Injuries to any of them, or God forbid two of them, and suddenly the Storm are looking a little thin.
How to fight the Penrith momentum
If an opposing team manages to put a Penrith player on their back with any sort of regularity, there should be a parade.
If you've ever watched the Panthers roll up the field in the blink of an eye and wondered how they do it, a series of intentional powerful faceplants is how.
Every tackle is a battle between the player with the ball trying to land on their belly and spring up as quickly as possible, and a defence trying to land them on their back and keep them there for as long as possible.
The Panthers almost always win that battle. Not only do they make good, fast metres, when they are finally brought to ground they're back on their feet and playing the ball before you know it.
Stopping that from happening is nigh impossible, but responding in kind is almost certainly necessary.
If you want to make metres on them, you have to catch the defence back-tracking and that likely means take the risk of trying to play the ball before your body is really ready.
The risk is you make a mistake, give the ball back to the Panthers and they maul you, but those are the stakes when you play against the best.
When you're the best, you make your own rules
There is a certain rhythm to NRL games, even when very good rugby league teams are involved. But not as far as Penrith is concerned.
There is not a moment, on either side of the ball, that you truly know what is going to happen.
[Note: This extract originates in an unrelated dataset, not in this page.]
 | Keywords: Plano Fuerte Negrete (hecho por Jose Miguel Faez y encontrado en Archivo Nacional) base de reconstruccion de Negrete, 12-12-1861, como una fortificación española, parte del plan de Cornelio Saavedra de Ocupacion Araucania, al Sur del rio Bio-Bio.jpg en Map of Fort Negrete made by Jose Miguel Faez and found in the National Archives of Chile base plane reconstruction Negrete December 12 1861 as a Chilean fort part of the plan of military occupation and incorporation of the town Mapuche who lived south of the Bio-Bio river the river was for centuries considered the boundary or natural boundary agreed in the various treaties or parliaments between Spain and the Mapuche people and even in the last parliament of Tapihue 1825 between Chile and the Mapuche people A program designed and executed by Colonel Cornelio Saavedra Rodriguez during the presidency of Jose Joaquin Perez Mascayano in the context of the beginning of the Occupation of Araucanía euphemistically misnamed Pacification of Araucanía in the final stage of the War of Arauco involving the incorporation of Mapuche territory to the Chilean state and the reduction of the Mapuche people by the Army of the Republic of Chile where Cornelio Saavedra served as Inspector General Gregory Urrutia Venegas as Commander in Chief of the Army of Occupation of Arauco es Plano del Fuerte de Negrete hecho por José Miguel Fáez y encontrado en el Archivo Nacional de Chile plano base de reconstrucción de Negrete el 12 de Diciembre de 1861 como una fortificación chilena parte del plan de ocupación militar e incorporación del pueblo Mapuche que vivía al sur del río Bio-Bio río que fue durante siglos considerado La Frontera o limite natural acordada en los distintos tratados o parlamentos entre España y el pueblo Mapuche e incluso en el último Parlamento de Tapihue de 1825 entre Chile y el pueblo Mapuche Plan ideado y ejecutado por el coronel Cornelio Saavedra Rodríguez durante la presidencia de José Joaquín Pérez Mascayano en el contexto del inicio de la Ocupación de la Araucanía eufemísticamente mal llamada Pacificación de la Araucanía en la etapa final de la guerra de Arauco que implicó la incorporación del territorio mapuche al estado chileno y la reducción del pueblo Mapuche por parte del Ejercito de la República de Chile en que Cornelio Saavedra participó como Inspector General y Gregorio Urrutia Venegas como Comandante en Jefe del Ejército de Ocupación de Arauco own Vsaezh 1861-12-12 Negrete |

Offloads and clever plays are one thing, but when the play breaks down, no team (maybe ever) is more dangerous.
All across the park — from To'o to Tago, Crichton to Cleary, Koroisau to Kikau, and Luai all on his own — if the ball goes to ground, they can wreck the suddenly frozen or relaxed defence at will.
It's part of why teams get so frustrated against them — 'I passed the test, I shut you down, why won't you just stop?'.
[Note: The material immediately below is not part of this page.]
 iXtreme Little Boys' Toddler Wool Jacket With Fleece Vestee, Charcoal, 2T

In defence it's a similar story.
Attackers are supposed to have a couple of tackles to truck it off their own tryline. Maybe they don't get as far as they want to, but that's usually it.
When Penrith is defending, they attack. There's no spot too far away from the tryline that they can't drag you back into the in-goal. There's nowhere within 20 minutes of the sideline that you're not under threat of being lobbed into touch.
Fall asleep for one second, think you've got things in hand for a moment and that's when they pounce.
Cameron Munster is still Melbourne's north star
Without Papenhuyzen and Hughes, it was left up to Munster to embody the title of "pivot" more than ever before. And he did his level best.
His swirling kick-off found the grass, then he forced a knock-on from Jarome Luai, and launched a torpedo bomb that again bamboozled the Panthers' back three.
Later, he found the in-goal with another uncatchable bomb, and when Taylan May Houdini'd his way past four would-be Storm tacklers and out of danger, Munster took it upon himself to rip the ball out of Dylan Edwards's hands.
He got the ball soon after and chipped over the top for Nick Meaney and the Storm's only try of the night.
Late in the first half he somehow stared down a rampaging Stephen Crichton and held him up basically all on his own.
It all ended up being for nought — fighting Penrith while undermanned is like fighting the tide with handful of sand — but his performance showed how hard he is willing to fight for this side and what he can do.
If only he had a little more support we might have had something close to a contest.